Fundamental analysis of Target Corporation (TGT)

Fundamental analysis of Target Corporation (TGT), July 17, 2017

Update Target, August 28, 2017

Target is valued at 11.6 times 2016 earnings which is cheap enough to make it interesting. If we assume that the company will make $4.50 for the whole of 2017 – which is in line with the earnings reported so far – the P/E ratio comes in at 12.1. This number is not cheap, but not extremely expensive either.

The problem is of course that it is a retailer – a business model that is under heavy attack from e-commerce competitors. However, for the time being Target is making real money which potentially makes it an interesting value proposition.



Target Corporation operates a household retail business in the United States. It is based in Minneapolis, MN.



Given the strength of its business, the company is reasonably priced at 11.5 times earnings. Average earnings over the past three years are low with one year of loss. Price to forward earnings comes in at 11.8.

Price to book value is high at 2.9.


Income items:

The earnings history seems a little bit erratic with 2014 being a year with a loss. They actually lost $1.6 billion that year which equates to a loss of $2.56 per share. Hopefully, Target Corporation will stay away from those years in the future.


Balance sheet:

The company’s current liabilities are greater than its current assets so the net working capital is negative.
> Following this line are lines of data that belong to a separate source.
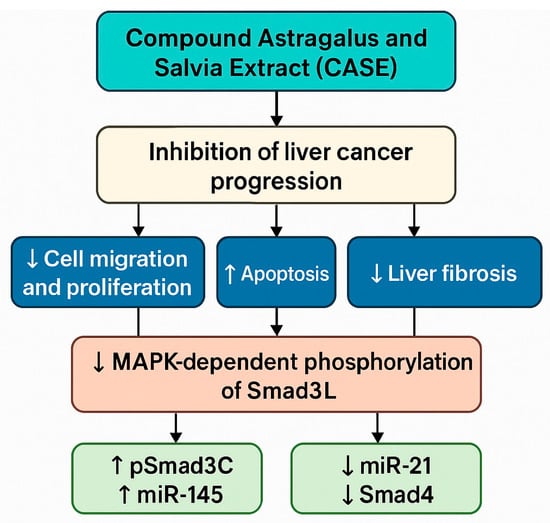 - Wu, C.; Chen, W.; Fang, M.; Boye, A.; Tao, X.; Xu, Y.; Hou, S.; Yang, Y. Compound Astragalus and salvia miltiorrhiza extract inhibits hepatocellular carcinoma progression via miR-145/miR-21 mediated Smad3 phosphorylation. J. Ethnopharmacol. 2019, 231, 98–112. [Google Scholar] [CrossRef]
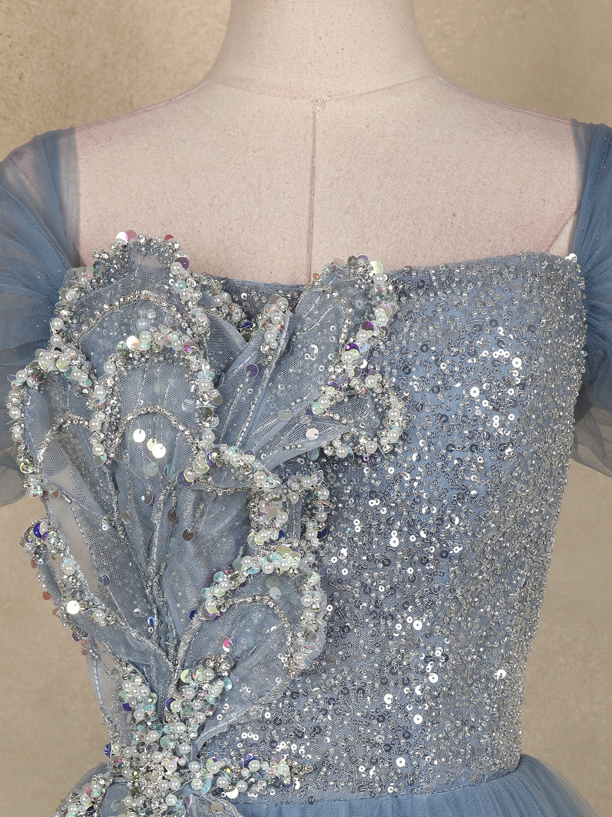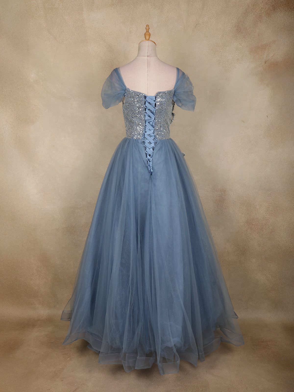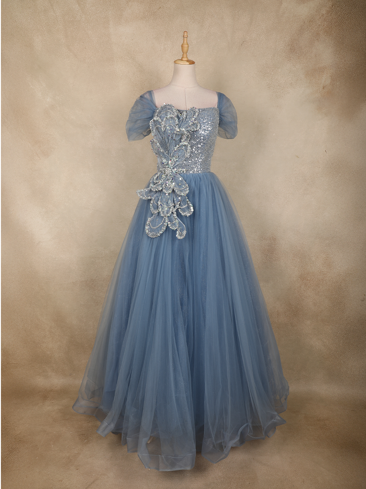 Light Blue Sequins Embellished Design Net Ball Gown with Puff Sleeves
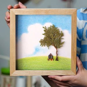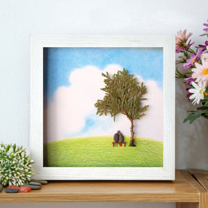 Honor your dad's retirement with our enchanting Serene Tree and Bench Frame! This exquisite piece captures a tranquil scene featuring a beautifully crafted tree and a cozy bench set against a calming blue sky and green hills. The thoughtful details create a sense of peace and reflection, perfect for those moments of enjoying life’s simple pleasures.

The Debt to equity ratio is 2.4, a number which usually is associated with high risk.


Free cash flow and dividends:

The company last year had a Free cash flow of $3.9 billion which equates to $6.70 per share. Of this they are paying out a dividend of $2.36 (2.8%).



Because the company is reasonably priced, I’m tempted to dip my toes in the company. The only problem is the high debt levels.


Update Target, January 16, 2018:

Since we last visited Target the stock has advanced another 30 per cent. If I was tempted this summer, I’m no longer. By all means, if you already own the stock don’t get rid of it, but would I buy new stock at this point? No.


The reason for this is the same as last summer: Target has very high debt levels and a negative working capital. On the positive side the free cash flow yield is almost 9 per cent which means that they can afford the dividend of $2.46 this year. But in summary, the stock is too pricey for me.